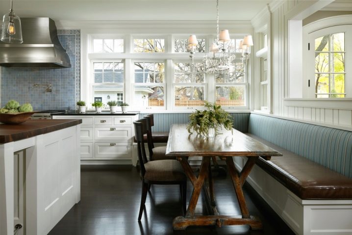بدلاً من الكراسي ، يمكن استخدام زاوية المطبخ ، والتي ستكون بديلاً رائعًا لهم. إنها عملية للغاية ، حيث توجد عادةً أقسام إضافية أسفل المقاعد حيث يمكنك تخزين مجموعة متنوعة من الملحقات..
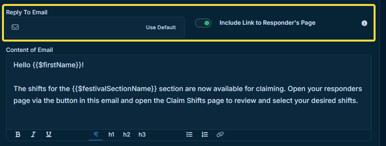 Above the email body, you can set the Reply To address, and optionally include a button in the email that takes the responder to their Responder's Page.
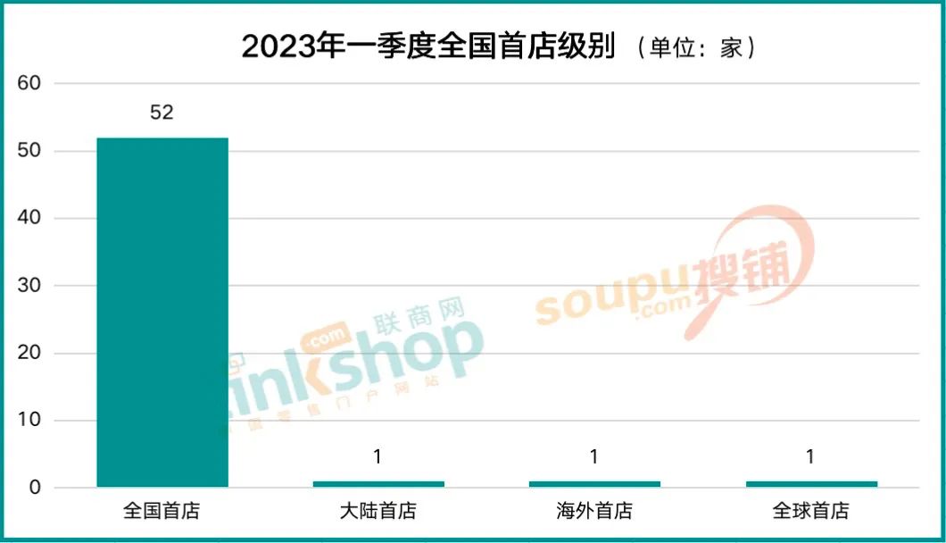 根據(jù)聯(lián)商網(wǎng)零售研究中心統(tǒng)計(jì),一季度55家“全國首店”中,數(shù)量最多的當(dāng)屬全國首店,共有52家,占比95%,全球首店、海外首店、大陸首店各1家。
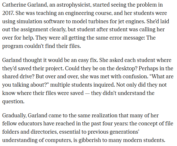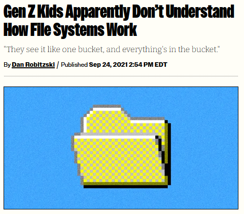 >>107039416To be fair, newer generations mainly use phones. And if thats your first experience with computers i can understand not knowing about file structures. When you download an imagen where does it go? To the gallery of course. Phones pretty much act like files don't exist.
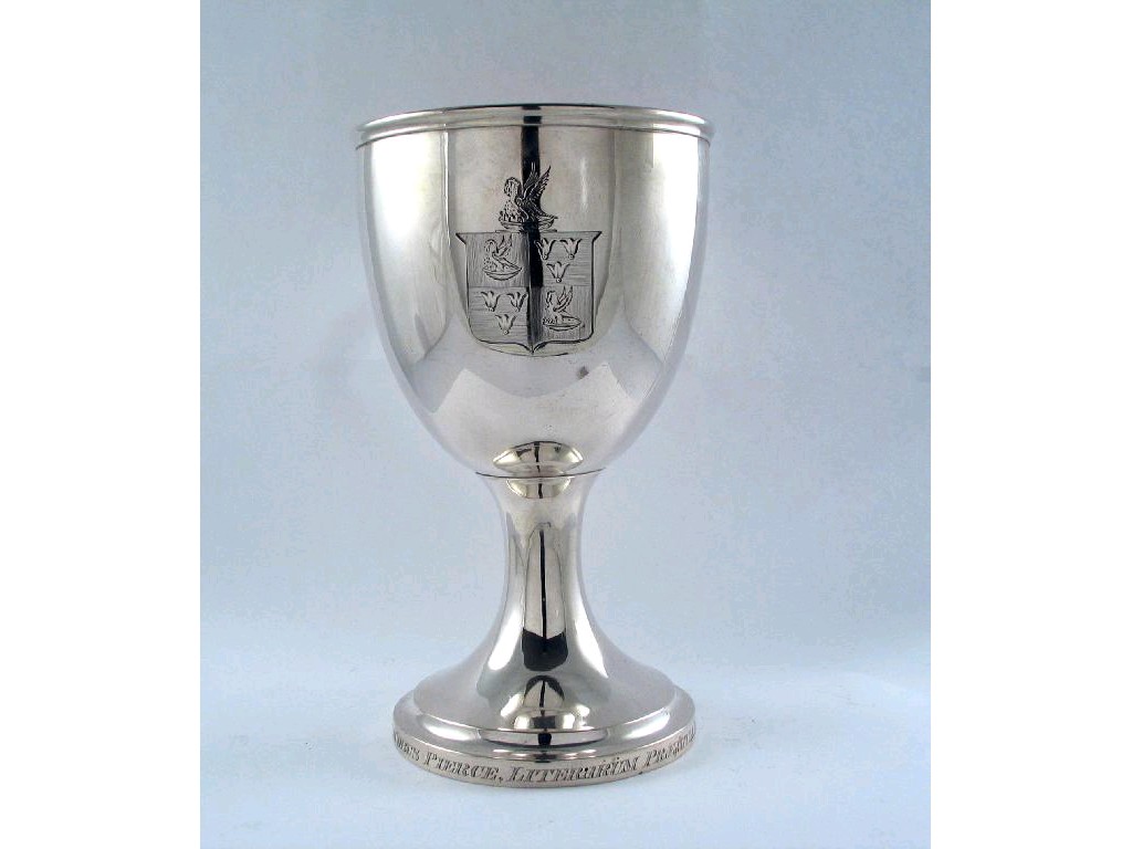A Victorian goblet, engraved with a coat of arms and the inscription "Jacobus Pierce, literarum praemium, 1854", gilt interior, by George John Richards, London 1853 (retailed by "Peters and Son, Cambridge"), 6.7in (17cm), 9oz.
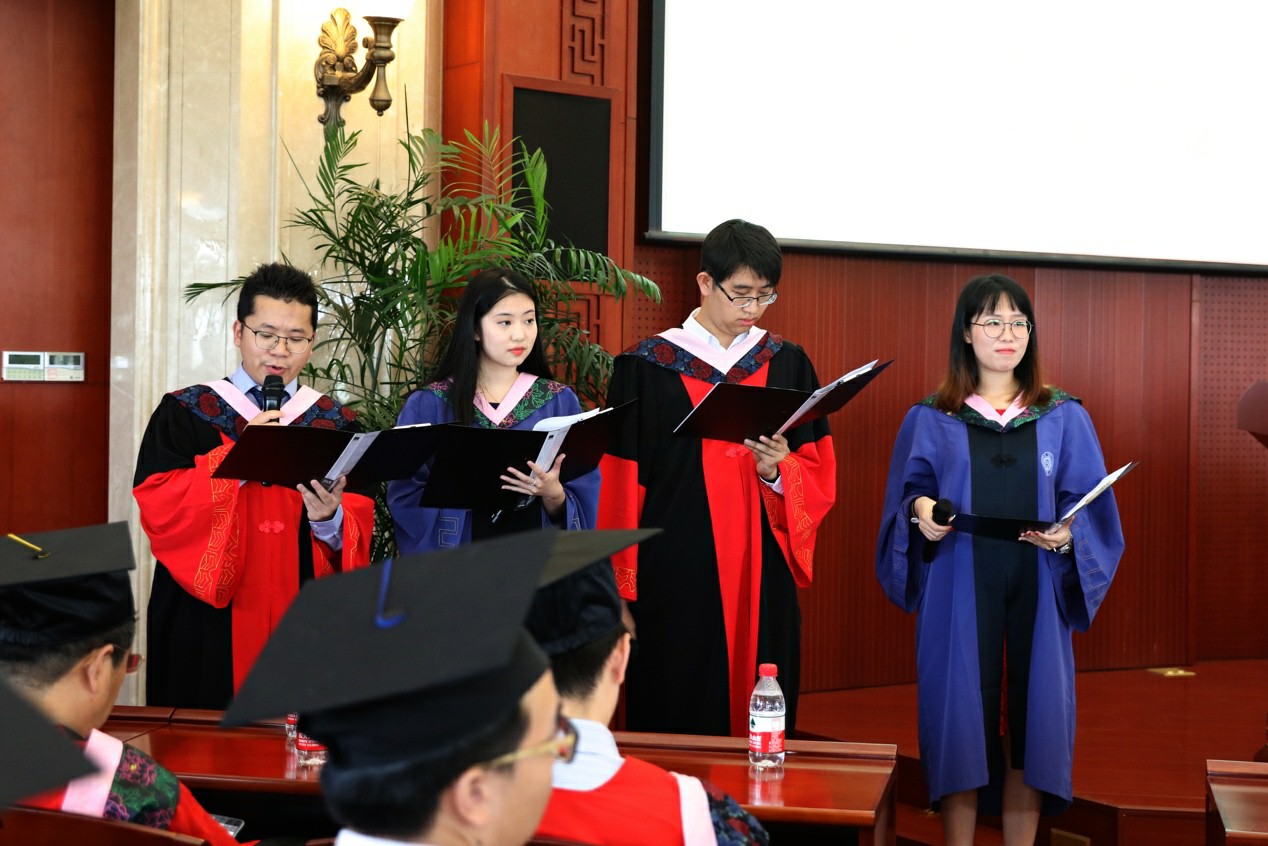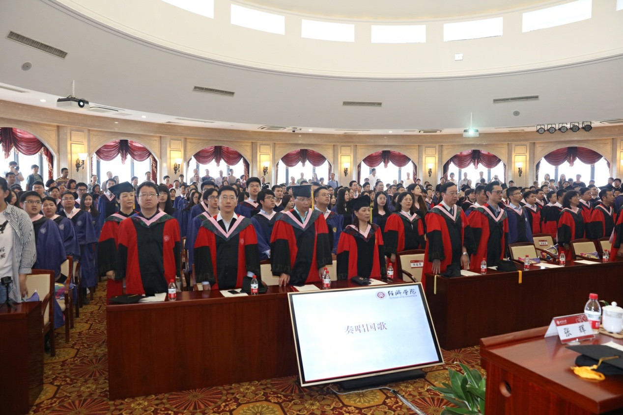 朗诵结束后,毕业典礼正式开始。全体起立,高唱国歌。随后,董志勇书记介绍了主席台就坐的领导、嘉宾。在介绍毕业研究生的基本情况时,他指出,2018届研究生毕业生们选择多样,均有很好的发展前景。其中博士毕业生主要去往政府机关和高校;硕士毕业生主要去往政府机关、事业单位和大公司以及金融机构。

____

■ **WHAT TO DO**
Copy out the listing above exactly, and keep the pictures out of it.

■ **OUTPUT OF THE EXERCISE**
بدلاً من الكراسي ، يمكن استخدام زاوية المطبخ ، والتي ستكون بديلاً رائعًا لهم. إنها عملية للغاية ، حيث توجد عادةً أقسام إضافية أسفل المقاعد حيث يمكنك تخزين مجموعة متنوعة من الملحقات..
 Above the email body, you can set the Reply To address, and optionally include a button in the email that takes the responder to their Responder's Page.
 根據(jù)聯(lián)商網(wǎng)零售研究中心統(tǒng)計(jì),一季度55家“全國首店”中,數(shù)量最多的當(dāng)屬全國首店,共有52家,占比95%,全球首店、海外首店、大陸首店各1家。
 >>107039416To be fair, newer generations mainly use phones. And if thats your first experience with computers i can understand not knowing about file structures. When you download an imagen where does it go? To the gallery of course. Phones pretty much act like files don't exist.
A Victorian goblet, engraved with a coat of arms and the inscription "Jacobus Pierce, literarum praemium, 1854", gilt interior, by George John Richards, London 1853 (retailed by "Peters and Son, Cambridge"), 6.7in (17cm), 9oz.
 朗诵结束后,毕业典礼正式开始。全体起立,高唱国歌。随后,董志勇书记介绍了主席台就坐的领导、嘉宾。在介绍毕业研究生的基本情况时,他指出,2018届研究生毕业生们选择多样,均有很好的发展前景。其中博士毕业生主要去往政府机关和高校;硕士毕业生主要去往政府机关、事业单位和大公司以及金融机构。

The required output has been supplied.